So I was reading a whole heap of stuff I wrote from when we first got together- or rather, when the physical aspect of our relationship exploded into the sexual insanity I have only experienced with you and Melbourne Boy (at separate times, obviously).
I mean, of course you were in love with me, I was such an idiot not to have seen that earlier. (seriously, you only have to read half of what you did for me in the 2 years before, let alone the 6 months prior to go 'D'uh!')
Of course, being my boyfriend you would want to please me sexually, that's what people do
Of course, being so paranoid about how I felt and me leaving you, you mistook my lack of experience and associated caution for reluctance.
Of course, being so fucked up you didn't handle hurting me (by accident) well and blamed yourself so much you couldn't even look at me afterwards.
Of course, me being me, and completely inexperienced to boot, I blamed myself.
Of course, me and my past prevented me from telling you the truth before we actually had sex. The fear of rejection was just too great. And my pride was too great after.
And I don't know, maybe it's just time, or temporary insanity, but reading it all and thinking all of this has actually left me with a sense of hope, rather than despair.
It really wasn't my fault, it was just a shitty set of circumstances that didn't help an already complicated situation. And I realised that just because it didn't work with you, doesn't mean it won't work with someone else- I think it would have been fine with Melbourne Boy, or Matt #2 for instance- and I know enough now to do my best to ensure that it will.
I'm not some panicky, anxious bundle of neuroses in a completely new and terrifying situation, where I have no idea what to expect.
I know what to expect next time and some idea of what to do, or at least measures to put in place to give it a better chance of not being such a complete and utter disaster.
I also know that, should I get another chance with someone that actually makes me want to, I will take it.
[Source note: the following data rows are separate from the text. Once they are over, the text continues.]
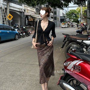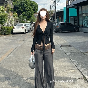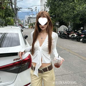 新款防晒季衬衣短上衣女夏小众ins长袖辣妹气质短款V领打底衫系带
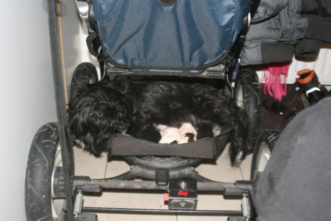 > moeder Dribbel,vindt het onder de kinderwagen erg knus! De eerste twee pups zijn daar geboren.....
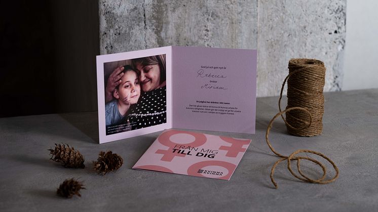 Skicka ett digitalt gåvokort till någon du inte kan träffa i jul – eller lägg ett tryckt gåvokort under granen. Samtidigt bidrar du med hela summan till Kvinna till Kvinnas arbete för kvinnors rättigheter.

I passed it up twice and seriously regret that (although with Matt #2, I really was in no emotional state to go through with it, so I can let that one go).
But most of all I know it was crazy to put that amount of pressure on myself and that much emphasis on what was really one small piece of our very complicated relationship.
I shouldn't have allowed myself to believe that sex would keep you from cheating, or treating me like dirt, or leaving, because only you had the power over your own actions. (As demonstrated by the fact two of those three things happened anyway!)
I should never have sacrificed my body to the hopeless cause of keeping you, that was ridiculously stupid. I know now that I will never, ever do that to myself again.
Next time, it will be for me, not because I feel like I owe it to someone, or because I want to show how much I love them, but simply because I WANT to.
And hopefully next time I won't be afraid. I don't want that one shitty experience to ruin my entire sexual future. I refuse to let you, or my asshole father have that much influence.
At the very least, next time, I won't let fear of what happened last time to stop me. Hell, if I can move to another country without any help, or support, sex should be a piece of cake.
In short, I refuse to let you (or him) ruin me. Someone, somewhere wants me and will make me want him back.
And that person is not you. It never was.